Самыми усердными завсегдатаями были Монтина, рантье, высокий красивый малый, типичный южанин, брюнет с бархатными глазами, Барбе, судейский чиновник, два коммерсанта — Фосиль и Лабарег, и маркиз де Флеш, генерал, глава роялистской партии, самое важное лицо в нашей местности, старик шестидесяти шести лет.

Дела наши шли хорошо. Я был счастлив, счастлив вполне.

Но вот однажды, около трех часов пополудни, выйдя по делам, я проходил по улице Сен-Ферроль и вдруг увидел, как из какой-то двери выскользнула женщина, настолько напоминавшая фигурой мою жену, что я сказал бы: «Это она!», — если бы час тому назад не оставил ее в лавке с головной болью.
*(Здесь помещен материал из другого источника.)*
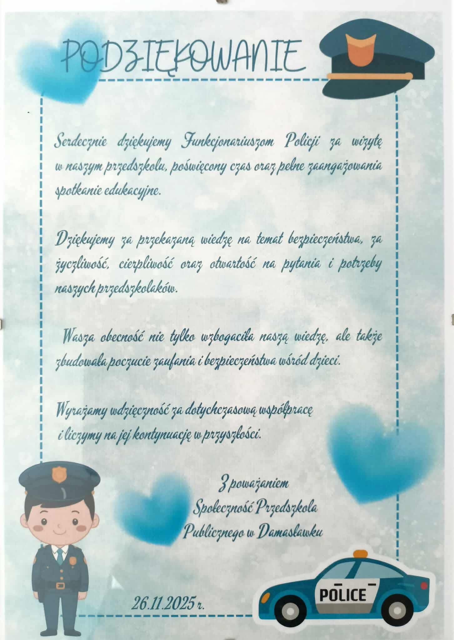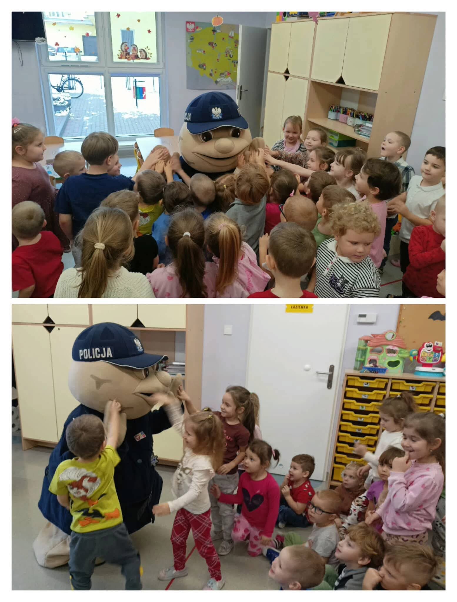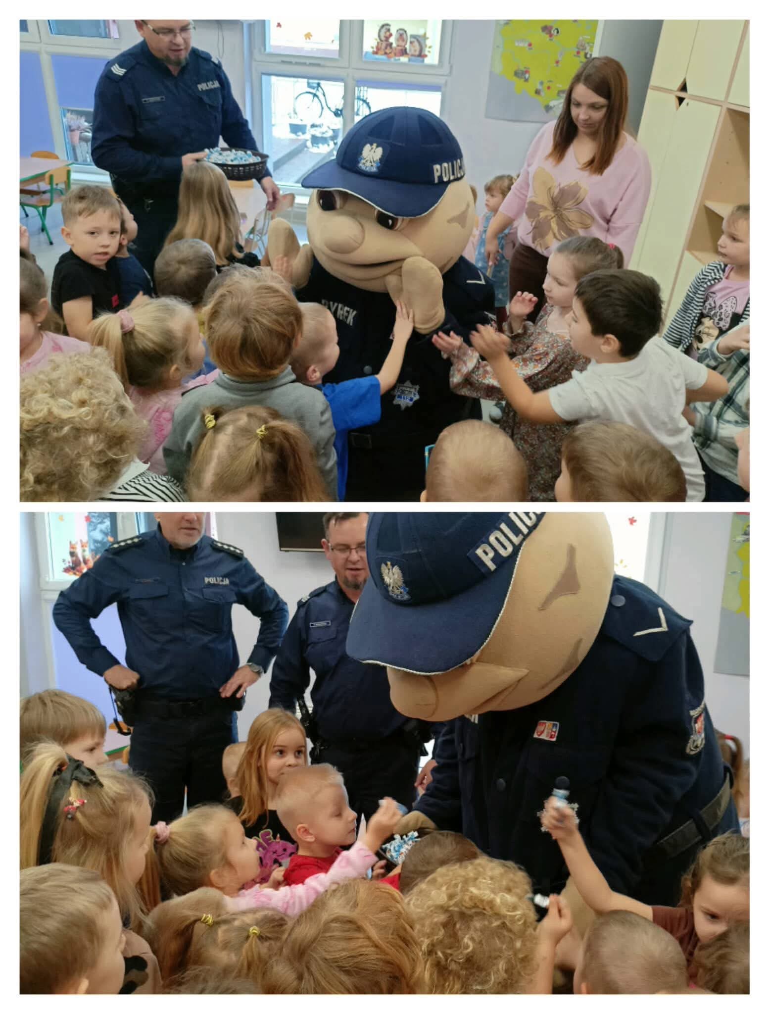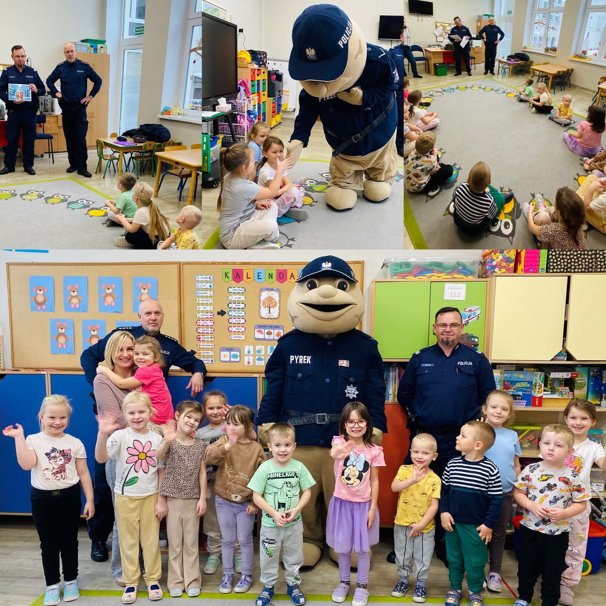 Dbając o bezpieczeństwo przedszkolaków 26 listopada nasze przedszkole w Damasławku i Niemczynie odwiedzili Panowie policjanci, asp. sztab. Dariusz Nowak, sierż. sztab. Paweł Kosmowski oraz st. post. Patryk Górny. Była to doskonała okazja, aby poprzez zabawę przypomnieć dzieciom zasady bezpiecznej zabawy na śniegu. Dużą atrakcją dla przedszkolaków było spotkanie z maskotką sierżantem Pyrkiem.

Она шла впереди меня быстрым шагом, не оборачиваясь. И почти против воли, удивленный и встревоженный, я пошел вслед за ней.

Я говорил себе: «Это не она. Нет, не может быть, ведь у нее мигрень. Да и зачем ей было заходить в тот дом?»
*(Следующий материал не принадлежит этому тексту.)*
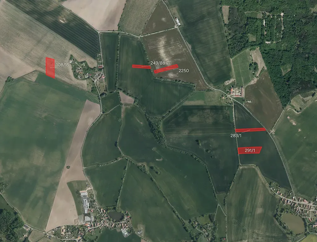 Celková výměra všech pozemků je 32 815 m², k prodeji je na nich 10 938 m².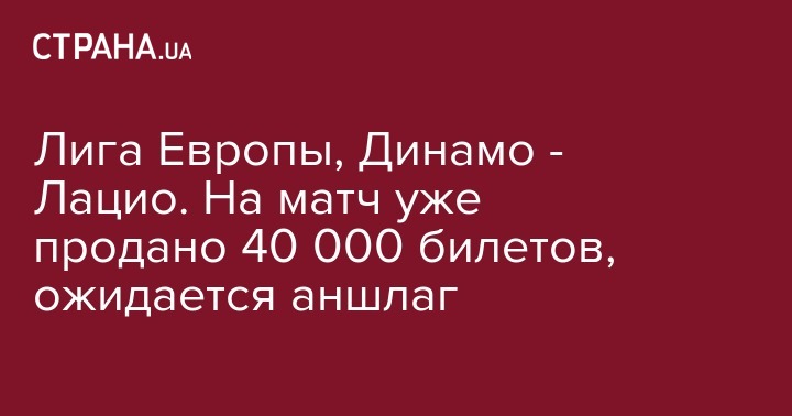 Лига Европы, Динамо - Лацио. На матч уже продано 40 000 билетов, ожидается аншлаг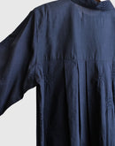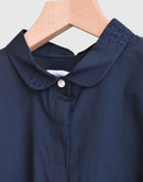 前身ごろはシンプルに、襟・袖・後ろ裾に刺繍をあしらった生地を合わせた上品な1枚。小さな丸襟と比翼仕立ての前立てでスッキリとした印象です。背中のプリーツが美しく、バックスタイルのポイントになります。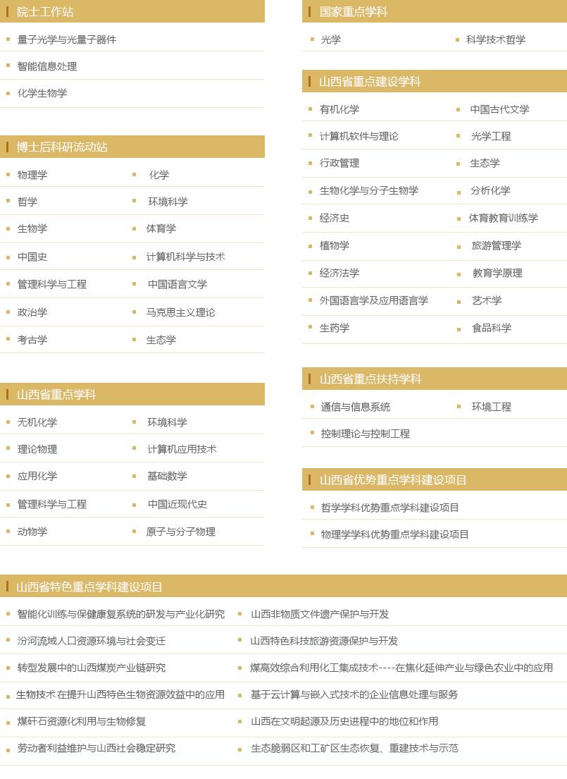山西省品牌专业:电子信息科学与技术、应用化学、信息管理与信息系统、行政管理、光信息科学与技术、会计学、国际经济与贸易、教育学、生物科学、哲学、环境科学、历史学、经济学、法学、汉语言文学、数学与应用数学、物理学、化学、计算机科学与技术
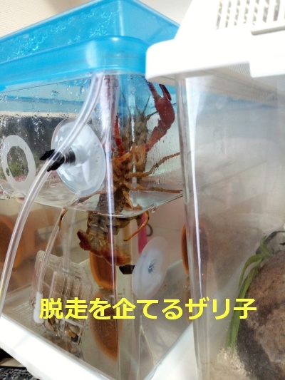 メリーがとってきたザリガニのザリ子ちゃん(本名:リボンちゃん。でも誰も呼んでいない) 我家で健やかにお過ごしです。 ブクブク(エアーポンプ)購入後、かなり住み心地が良くなったせいかめっちゃ元気(´∀`σ)σ レンコン輪切りでがぶがぶ食べてます。 そしてよく脱走を試みています↓ エアーポンプのホースをつたってガンガン天井をどつくおてんばっ子(ノз`) そして豪快にがしゃーーーんという音と共に落下しています。 甲殻類...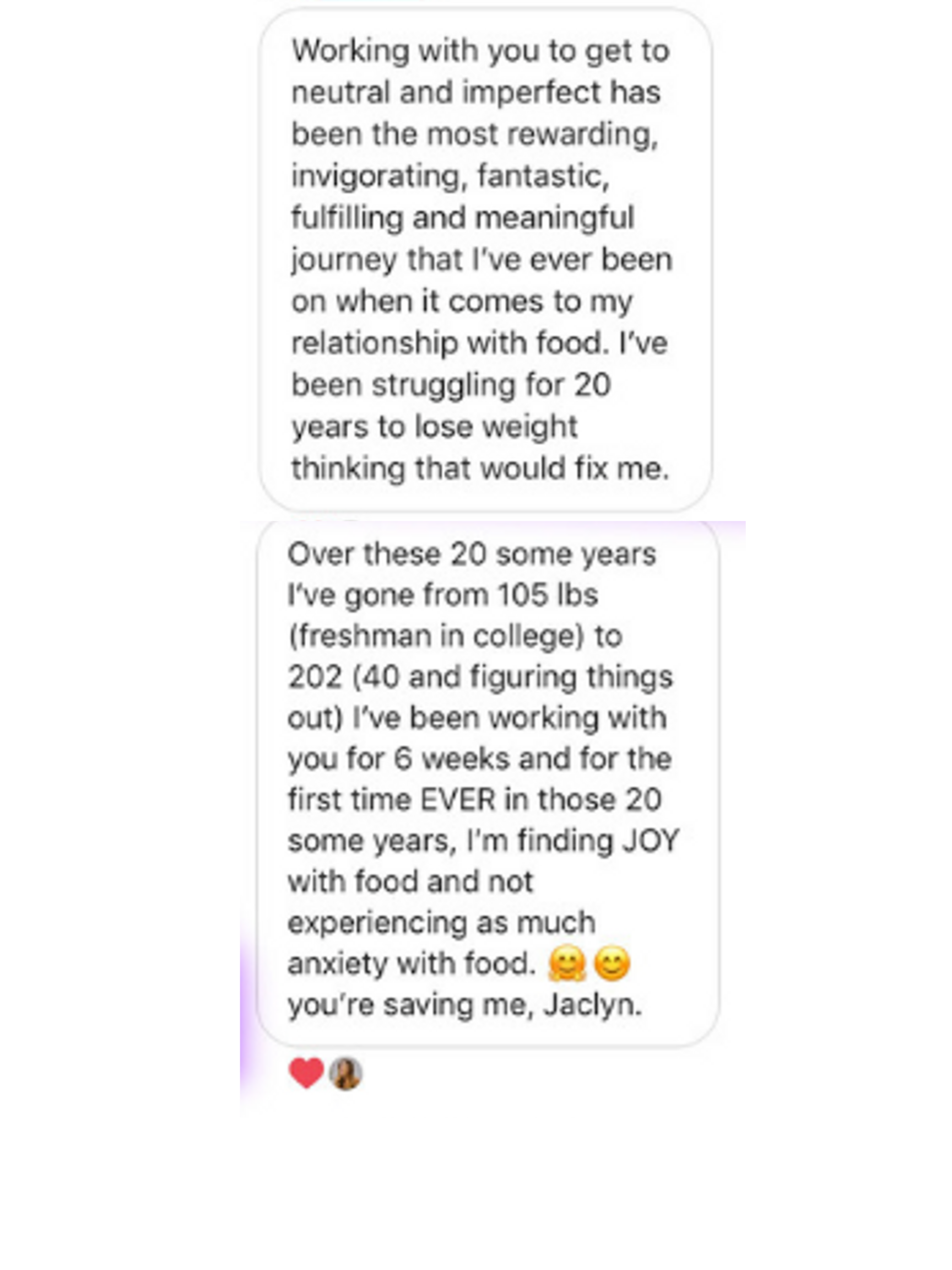 Private support community so you can check in with me, get all of your questions answered, and connect with like-minded people who are on the same imperfect eating journey as you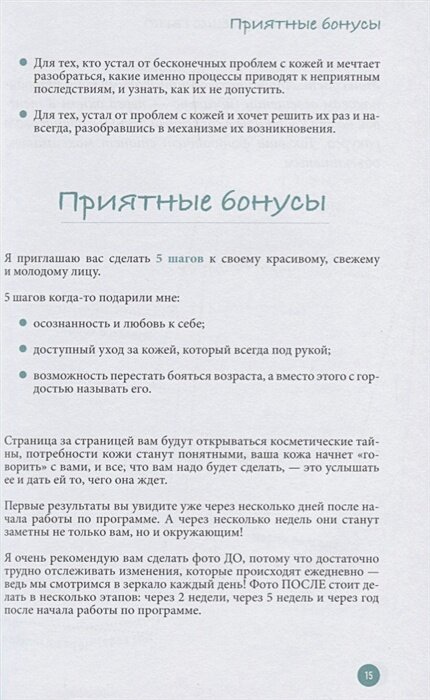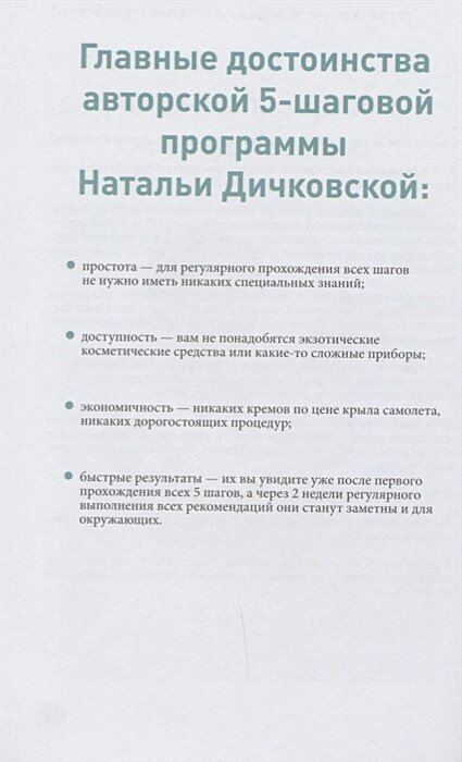 Сплошное разочарование.Ничем не отличается от других подобных.Информация для девочек 13-15 лет. Те ,кто постарше, вряд ли найдут что-то новое.109 страниц,из них 5это отзывы,10страниц рассуждение кому нужна эта книга и обещания чудес,2страницы посвящены реальному отзыву .Оставшийся объем очень сильно растянут, например анатомия лица-кости,мышцы,подкожно-жировая клетчатка,кожа-эта информация занимает 2страницы.Остальное тоже очень растянуто и сдобрено картинками. Прям как в школе,когда пишут сочинение ,а сказать нечего,то и почерк крупнее и расстояние между строчками больше. Эту книгу реально прочитать в книжном магазине,настолько мало информации.Да и качество и формации,на мой взгляд,на уровне женских журналов(

Однако мне хотелось удостовериться, и я ускорил шаг, чтобы догнать ее. Почувствовала ли она, угадала, узнала ли мои шаги, не знаю, но только вдруг она оглянулась. Это была моя жена! Увидев меня, она густо покраснела и остановилась, потом проговорила с улыбкой:

— Вот как, и ты здесь!

Сердце у меня сжалось.

— Да. Ты, значит, все-таки вышла? А как твоя мигрень?

— Мне стало лучше, и я решила пройтись.

— Куда же?

— К Лакоссаду, на улицу Касинелли, заказать карандаши.
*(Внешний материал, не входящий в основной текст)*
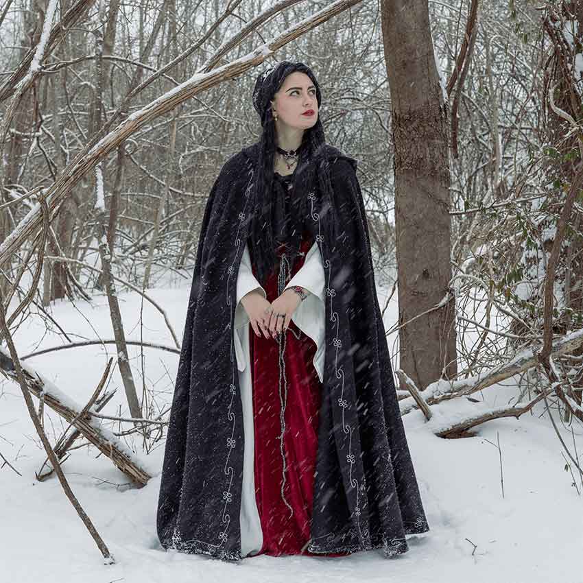 Whether won on a chill morning at the medieval market or to complete a spellcaster costume, this embroidered cloak makes a marvelous addition to your medieval wardrobe and an outerwear option you will want to reach for even for modern occasions.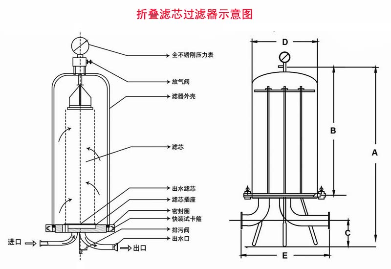 微孔折疊式過濾器,圓柱體結構,由SUS316L 或SUS304 全不銹鋼制成,以折疊式濾芯為過濾元件,可以過濾液體、氣體、0.1um 以上的微粒和細菌,過濾精度高、過濾速度快、吸附少,無介質脫落,不泄漏、耐酸堿、耐腐蝕,清洗方便,可帶反沖功能等優(yōu)點,是生物醫(yī)藥純水、飲料、生化水處理、環(huán)保等行業(yè)的理想過濾設備。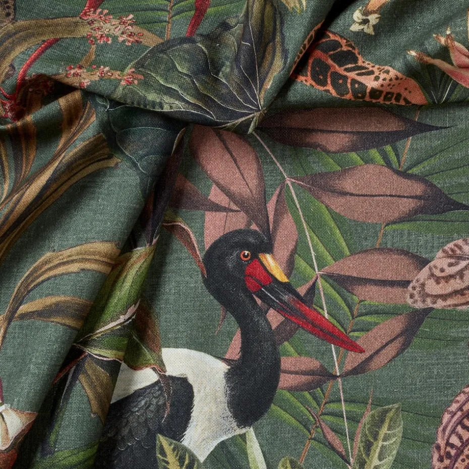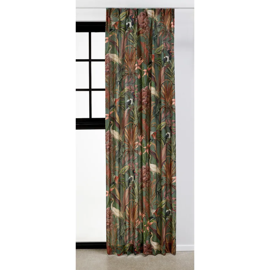 Gordijn Moniek in een groene kleur met een tropische print. Gemaakt van 100% katoen. 140 cm breed.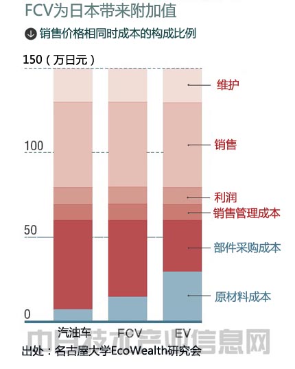 右表是汽油車、FCV、EV的售價在150萬日元時的成本構成比例。尤其值得一提的是,F(xiàn)CV的價格中,依賴進口的“原材料費用”這一項所占比重較少,而大多在日本采購的“部件采購費用”所占比例與汽油車一樣多。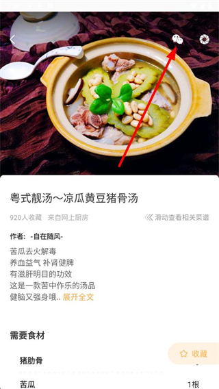 4、在菜谱详情页面的右上角,找到微信分享图标并点击,即可将该菜谱分享至微信平台。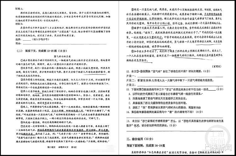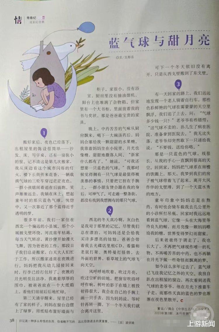 “在社交媒体上,有上海的考生在我的评论区里跟我说,我这篇文章被用为他们这学期区统考的考题了,我才知道。”6月30日,王彤乐告诉上游新闻记者,《蓝气球和甜月亮》这篇文章是自己在2022年写的,2023年发表在《中学生百科》上,后来被《青年文摘》杂志转载。“这篇文章是对我童年时期一段戈壁生活的真实记录,所以写作的过程中并没有考虑太多,都是凭感情去写的。”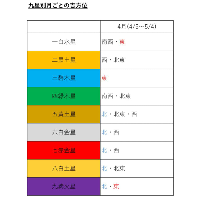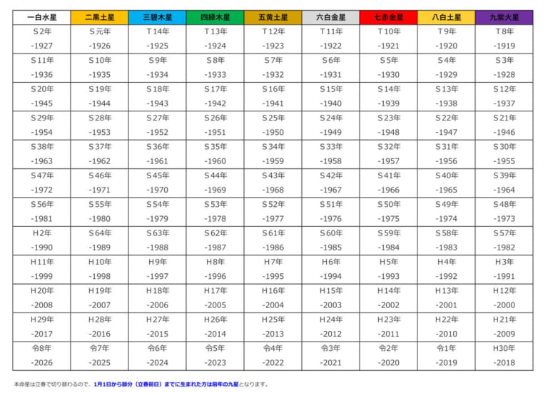 吉方位を割り出すには、まず自分の「九星」を知る必要がある。まだ自分の星がわからない人は、下の早見表で確認してから4月のリストを見てほしい。

Она смотрела мне прямо в лицо. Она уже не краснела, скорее была немного бледна. Ее светлые и ясные глаза — ах, эти женские глаза! — казалось, говорили правду, но я смутно, мучительно чувствовал, что они лгут. Я стоял перед ней более смущенный и растерянный, более потрясенный, чем она сама, не смея ничего заподозрить, уверенный, однако, что она лжет. Почему? Я и сам не знал.

Я сказал только:

— Ты хорошо сделала, что прогулялась, если мигрень прошла.

— Да, мне гораздо лучше.

— Ты идешь домой?

— Домой.

Я оставил ее и пошел один бродить по улицам. Что произошло? Пока я стоял с ней лицом к лицу, я инстинктивно чувствовал, что она лжет. Теперь же я не смел этому поверить и, вернувшись к обеду домой, упрекал себя, что мог хоть на секунду усомниться в ее искренности.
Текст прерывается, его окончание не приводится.